# WORK TO BE COMPLETED
If a record holds a picture, please leave the picture out and copy the rest of the record exactly.

# MATERIAL SHOWN
•••

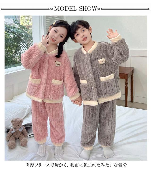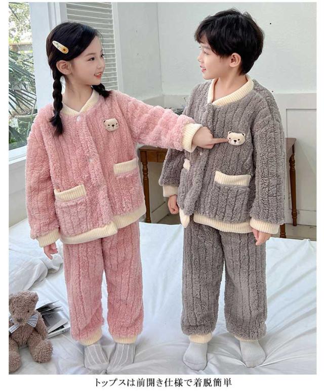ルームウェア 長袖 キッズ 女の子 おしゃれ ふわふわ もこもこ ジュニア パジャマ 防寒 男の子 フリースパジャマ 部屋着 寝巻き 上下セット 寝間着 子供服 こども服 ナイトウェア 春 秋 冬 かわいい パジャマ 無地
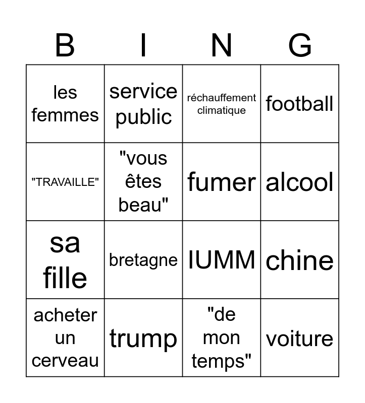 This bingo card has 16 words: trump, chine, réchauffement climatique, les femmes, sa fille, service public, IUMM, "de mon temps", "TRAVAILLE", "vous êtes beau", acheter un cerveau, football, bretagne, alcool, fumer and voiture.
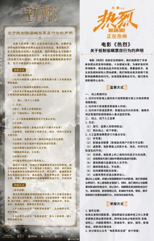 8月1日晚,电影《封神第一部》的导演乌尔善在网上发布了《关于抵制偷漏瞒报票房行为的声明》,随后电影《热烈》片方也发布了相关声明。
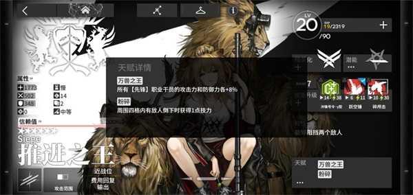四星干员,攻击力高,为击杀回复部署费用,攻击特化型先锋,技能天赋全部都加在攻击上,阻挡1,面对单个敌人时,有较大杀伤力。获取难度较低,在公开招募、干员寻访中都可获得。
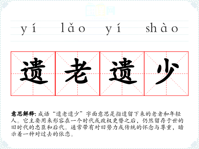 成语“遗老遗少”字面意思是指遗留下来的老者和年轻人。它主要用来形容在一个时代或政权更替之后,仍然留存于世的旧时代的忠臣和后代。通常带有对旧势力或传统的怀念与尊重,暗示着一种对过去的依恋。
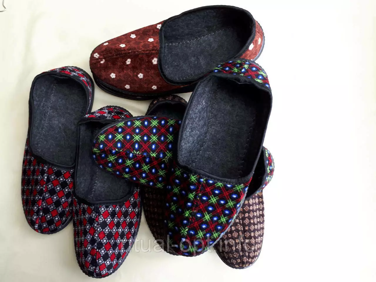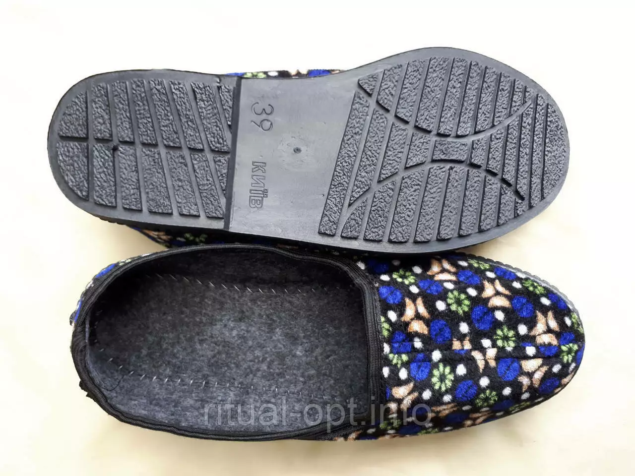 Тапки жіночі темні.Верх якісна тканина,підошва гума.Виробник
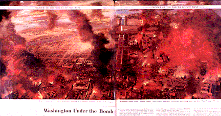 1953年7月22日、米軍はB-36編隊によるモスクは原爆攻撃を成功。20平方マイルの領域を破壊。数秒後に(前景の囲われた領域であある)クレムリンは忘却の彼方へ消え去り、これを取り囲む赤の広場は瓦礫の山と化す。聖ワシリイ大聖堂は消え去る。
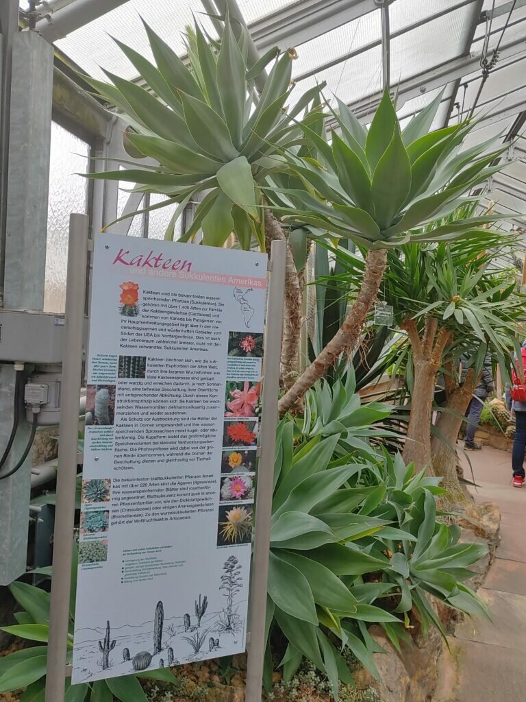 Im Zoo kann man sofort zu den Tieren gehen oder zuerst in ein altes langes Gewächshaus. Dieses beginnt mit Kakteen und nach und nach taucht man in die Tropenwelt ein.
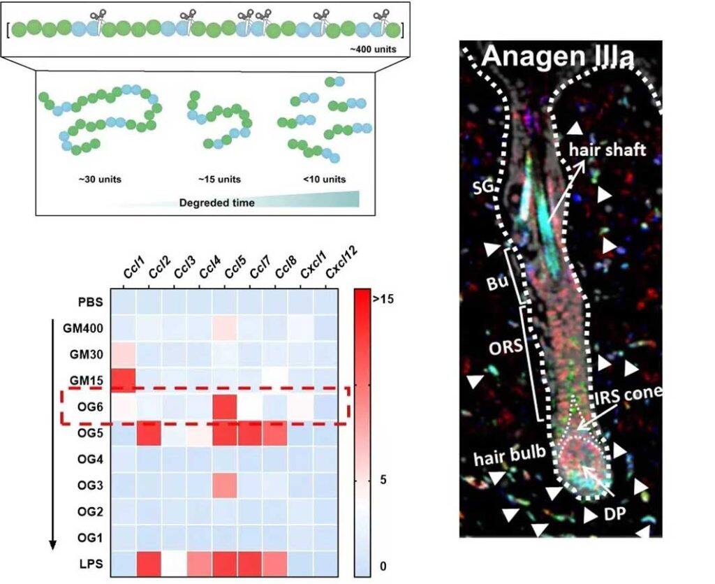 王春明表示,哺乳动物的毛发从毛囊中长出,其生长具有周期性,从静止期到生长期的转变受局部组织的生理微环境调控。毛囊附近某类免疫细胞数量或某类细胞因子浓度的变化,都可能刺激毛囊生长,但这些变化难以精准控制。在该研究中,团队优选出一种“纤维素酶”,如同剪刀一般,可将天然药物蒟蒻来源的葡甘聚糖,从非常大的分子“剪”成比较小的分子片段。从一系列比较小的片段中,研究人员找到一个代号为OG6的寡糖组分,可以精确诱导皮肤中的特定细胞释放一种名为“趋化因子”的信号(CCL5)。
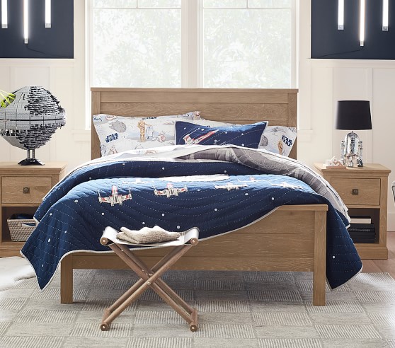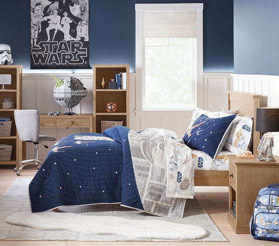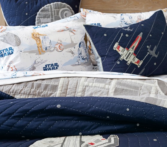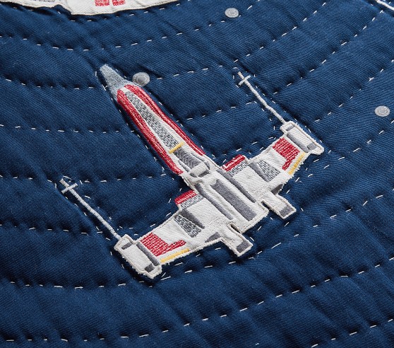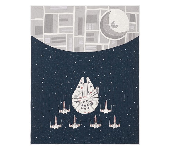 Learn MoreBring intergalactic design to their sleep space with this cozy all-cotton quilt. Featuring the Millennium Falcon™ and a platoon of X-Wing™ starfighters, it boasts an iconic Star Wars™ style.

•••

# EXERCISE SOLUTION
ルームウェア 長袖 キッズ 女の子 おしゃれ ふわふわ もこもこ ジュニア パジャマ 防寒 男の子 フリースパジャマ 部屋着 寝巻き 上下セット 寝間着 子供服 こども服 ナイトウェア 春 秋 冬 かわいい パジャマ 無地
 This bingo card has 16 words: trump, chine, réchauffement climatique, les femmes, sa fille, service public, IUMM, "de mon temps", "TRAVAILLE", "vous êtes beau", acheter un cerveau, football, bretagne, alcool, fumer and voiture.
 8月1日晚,电影《封神第一部》的导演乌尔善在网上发布了《关于抵制偷漏瞒报票房行为的声明》,随后电影《热烈》片方也发布了相关声明。
四星干员,攻击力高,为击杀回复部署费用,攻击特化型先锋,技能天赋全部都加在攻击上,阻挡1,面对单个敌人时,有较大杀伤力。获取难度较低,在公开招募、干员寻访中都可获得。
 成语“遗老遗少”字面意思是指遗留下来的老者和年轻人。它主要用来形容在一个时代或政权更替之后,仍然留存于世的旧时代的忠臣和后代。通常带有对旧势力或传统的怀念与尊重,暗示着一种对过去的依恋。
 Тапки жіночі темні.Верх якісна тканина,підошва гума.Виробник
 1953年7月22日、米軍はB-36編隊によるモスクは原爆攻撃を成功。20平方マイルの領域を破壊。数秒後に(前景の囲われた領域であある)クレムリンは忘却の彼方へ消え去り、これを取り囲む赤の広場は瓦礫の山と化す。聖ワシリイ大聖堂は消え去る。
 Im Zoo kann man sofort zu den Tieren gehen oder zuerst in ein altes langes Gewächshaus. Dieses beginnt mit Kakteen und nach und nach taucht man in die Tropenwelt ein.
 王春明表示,哺乳动物的毛发从毛囊中长出,其生长具有周期性,从静止期到生长期的转变受局部组织的生理微环境调控。毛囊附近某类免疫细胞数量或某类细胞因子浓度的变化,都可能刺激毛囊生长,但这些变化难以精准控制。在该研究中,团队优选出一种“纤维素酶”,如同剪刀一般,可将天然药物蒟蒻来源的葡甘聚糖,从非常大的分子“剪”成比较小的分子片段。从一系列比较小的片段中,研究人员找到一个代号为OG6的寡糖组分,可以精确诱导皮肤中的特定细胞释放一种名为“趋化因子”的信号(CCL5)。
 Learn MoreBring intergalactic design to their sleep space with this cozy all-cotton quilt. Featuring the Millennium Falcon™ and a platoon of X-Wing™ starfighters, it boasts an iconic Star Wars™ style.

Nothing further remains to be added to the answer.